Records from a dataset
++++++++++

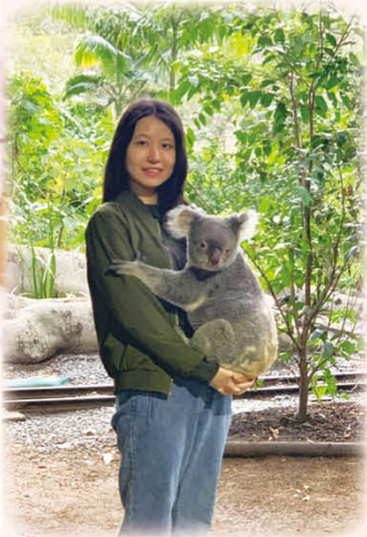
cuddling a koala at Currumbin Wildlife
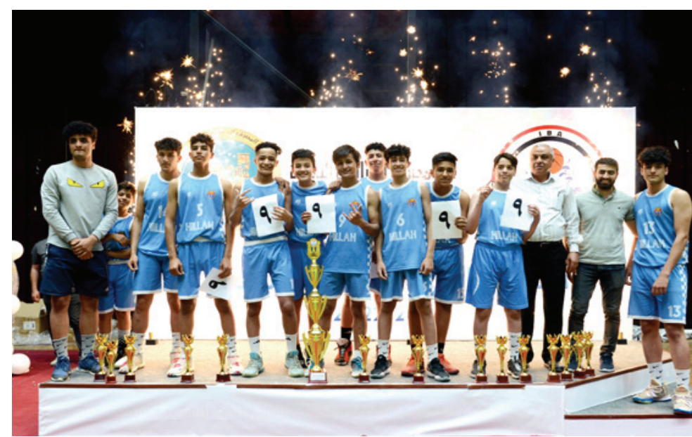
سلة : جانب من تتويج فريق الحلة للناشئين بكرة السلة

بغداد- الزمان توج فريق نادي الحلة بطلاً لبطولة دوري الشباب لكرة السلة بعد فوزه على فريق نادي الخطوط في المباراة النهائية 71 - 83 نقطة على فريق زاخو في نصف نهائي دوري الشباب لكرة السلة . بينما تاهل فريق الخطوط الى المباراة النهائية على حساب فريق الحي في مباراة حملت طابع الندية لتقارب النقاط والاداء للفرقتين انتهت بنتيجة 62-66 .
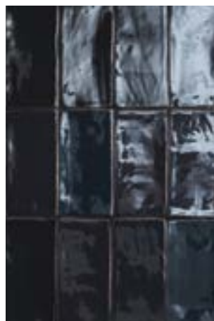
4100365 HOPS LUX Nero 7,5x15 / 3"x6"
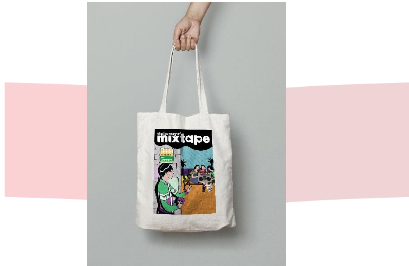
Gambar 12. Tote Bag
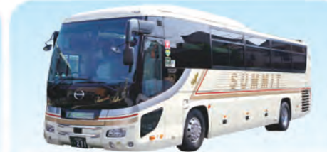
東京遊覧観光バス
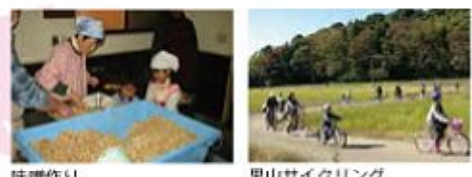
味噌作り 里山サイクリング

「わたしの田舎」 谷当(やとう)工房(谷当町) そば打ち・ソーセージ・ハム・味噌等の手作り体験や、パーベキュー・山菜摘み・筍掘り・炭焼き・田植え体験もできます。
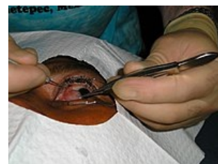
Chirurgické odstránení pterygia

++++++++++

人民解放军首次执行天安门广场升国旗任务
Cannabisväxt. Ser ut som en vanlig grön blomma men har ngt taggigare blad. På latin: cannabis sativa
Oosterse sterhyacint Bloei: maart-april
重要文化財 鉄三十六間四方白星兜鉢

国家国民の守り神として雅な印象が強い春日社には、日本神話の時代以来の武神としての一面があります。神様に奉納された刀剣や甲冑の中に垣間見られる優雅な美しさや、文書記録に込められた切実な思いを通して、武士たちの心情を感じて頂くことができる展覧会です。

++++++++++

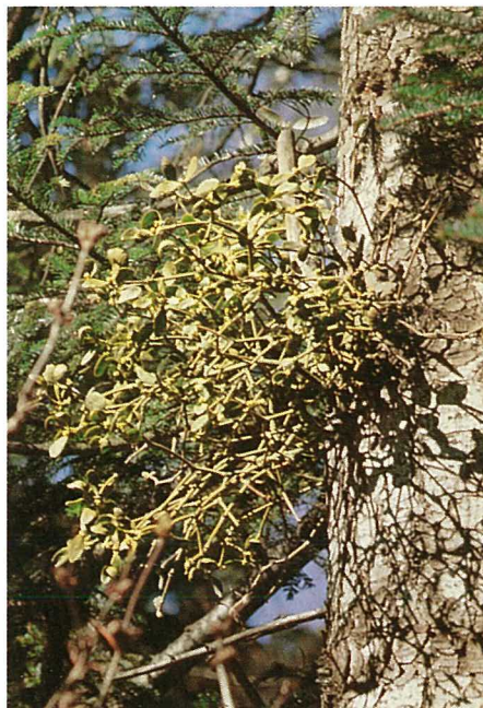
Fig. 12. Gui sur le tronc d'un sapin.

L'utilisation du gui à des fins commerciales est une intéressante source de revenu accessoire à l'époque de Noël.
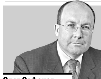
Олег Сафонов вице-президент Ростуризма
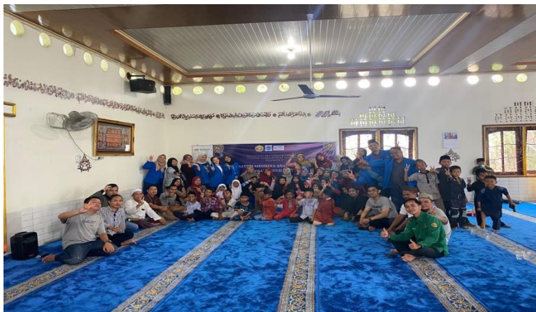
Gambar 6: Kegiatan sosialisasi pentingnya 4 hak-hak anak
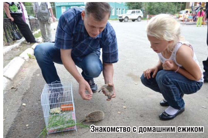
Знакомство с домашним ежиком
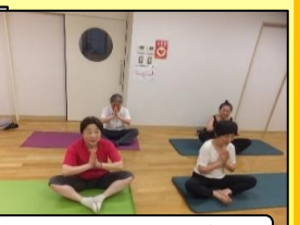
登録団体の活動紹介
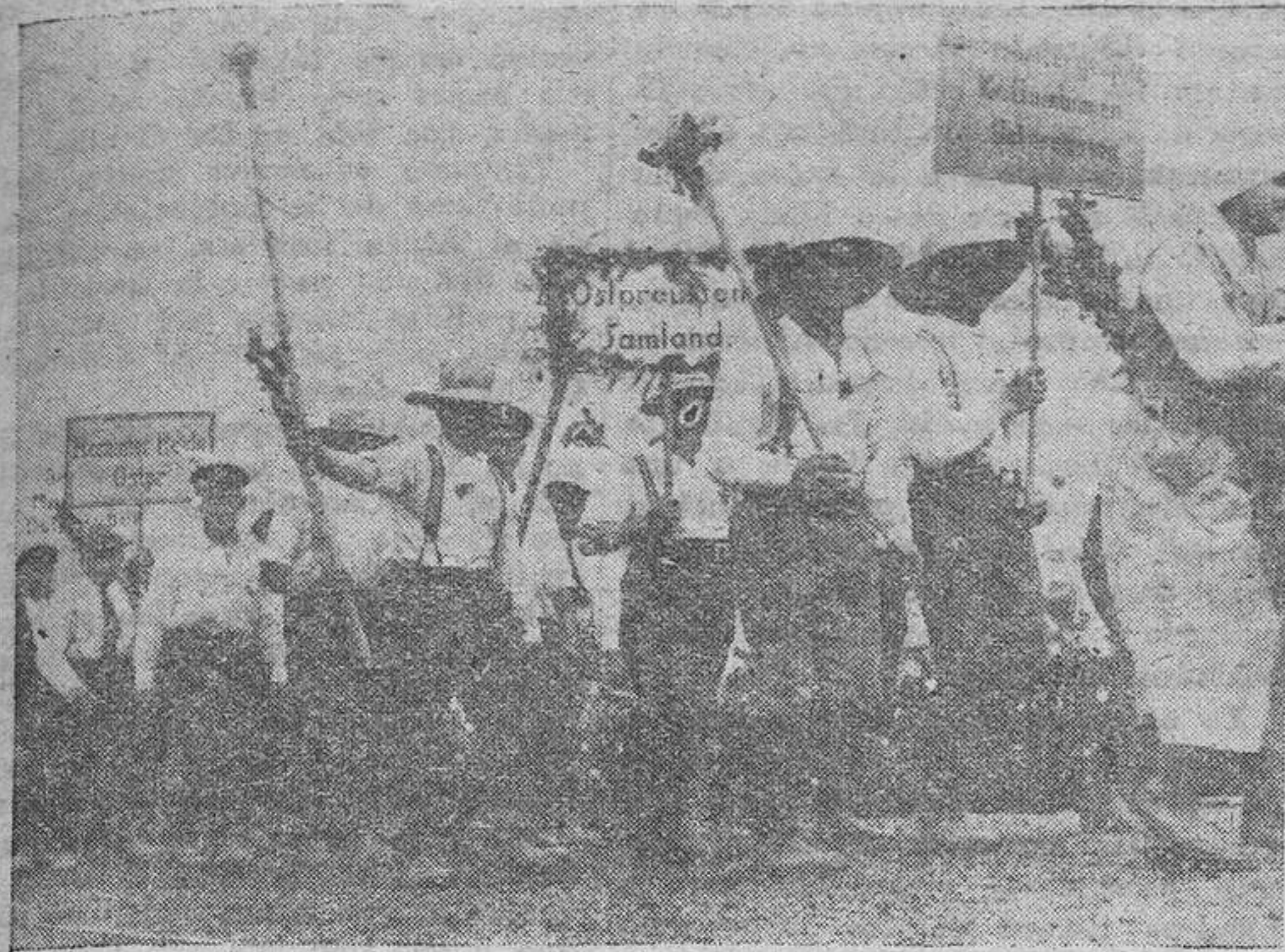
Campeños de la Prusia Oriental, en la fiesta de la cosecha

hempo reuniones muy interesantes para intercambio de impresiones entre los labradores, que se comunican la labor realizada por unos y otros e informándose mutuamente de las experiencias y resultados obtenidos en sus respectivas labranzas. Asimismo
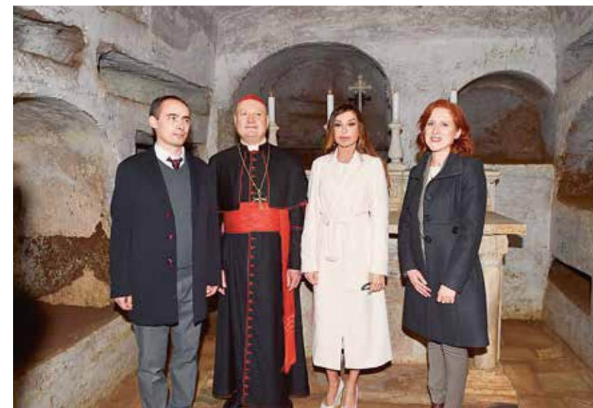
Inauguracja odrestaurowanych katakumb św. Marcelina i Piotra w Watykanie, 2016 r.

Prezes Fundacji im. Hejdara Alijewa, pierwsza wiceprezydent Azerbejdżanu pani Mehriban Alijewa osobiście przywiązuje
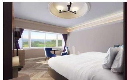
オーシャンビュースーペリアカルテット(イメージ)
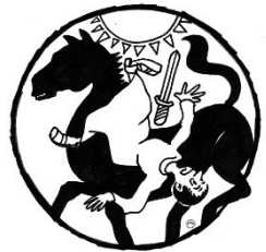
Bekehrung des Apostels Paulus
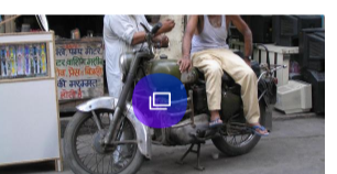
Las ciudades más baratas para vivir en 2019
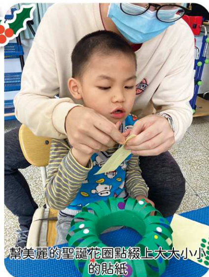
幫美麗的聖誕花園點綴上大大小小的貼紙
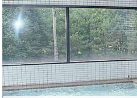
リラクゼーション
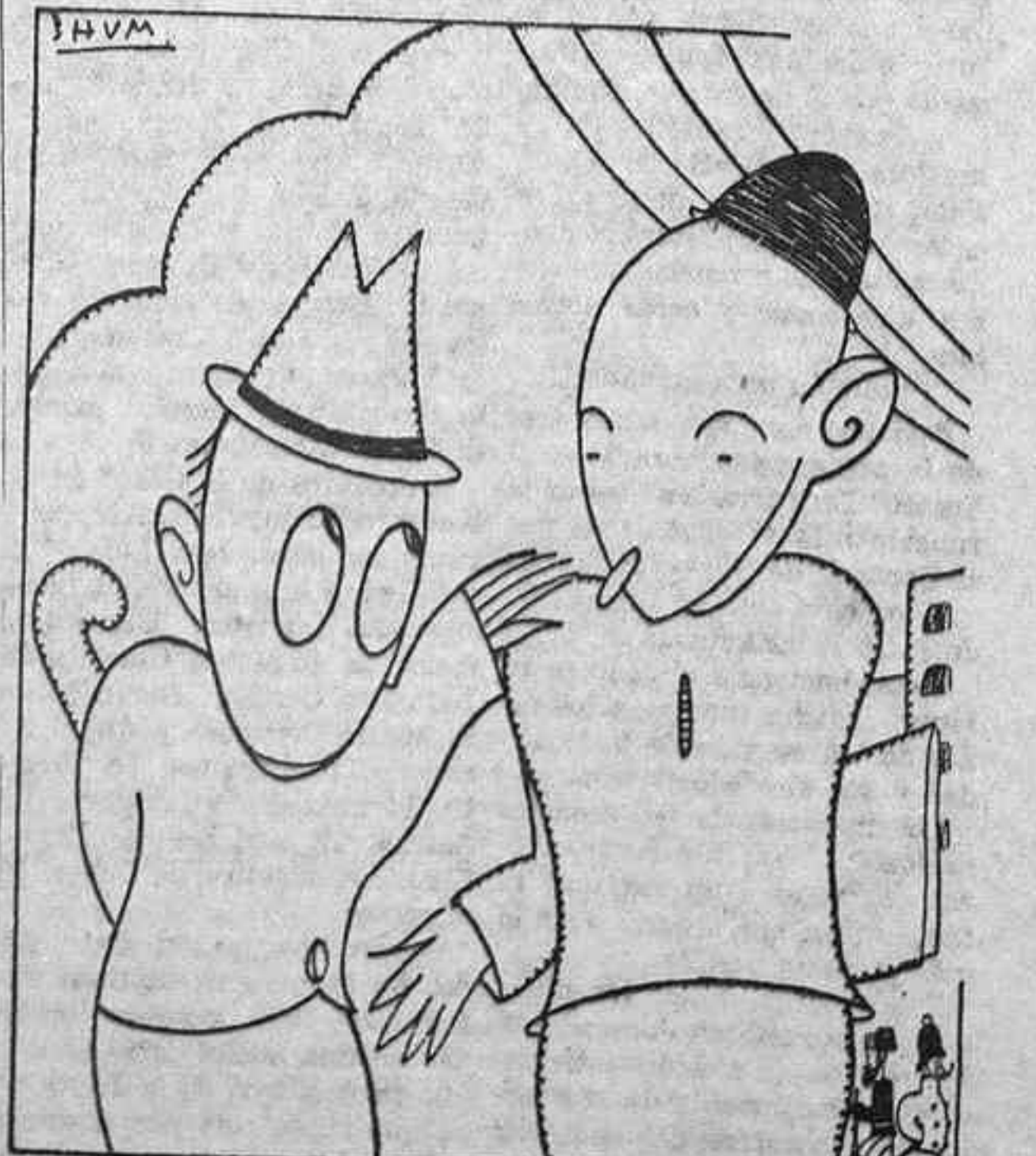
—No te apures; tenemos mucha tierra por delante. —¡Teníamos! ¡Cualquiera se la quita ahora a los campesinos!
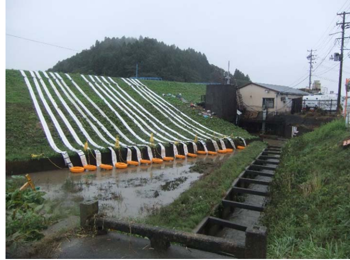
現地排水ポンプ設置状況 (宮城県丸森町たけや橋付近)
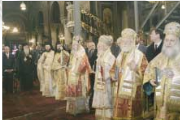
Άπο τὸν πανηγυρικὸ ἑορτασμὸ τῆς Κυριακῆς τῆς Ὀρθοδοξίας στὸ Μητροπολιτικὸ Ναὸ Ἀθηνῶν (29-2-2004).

++++++++++

Exercise
Note down each line above where the word "السلة" occurs.

Answer section
سلة : جانب من تتويج فريق الحلة للناشئين بكرة السلة
بغداد- الزمان توج فريق نادي الحلة بطلاً لبطولة دوري الشباب لكرة السلة بعد فوزه على فريق نادي الخطوط في المباراة النهائية 71 - 83 نقطة على فريق زاخو في نصف نهائي دوري الشباب لكرة السلة . بينما تاهل فريق الخطوط الى المباراة النهائية على حساب فريق الحي في مباراة حملت طابع الندية لتقارب النقاط والاداء للفرقتين انتهت بنتيجة 62-66 .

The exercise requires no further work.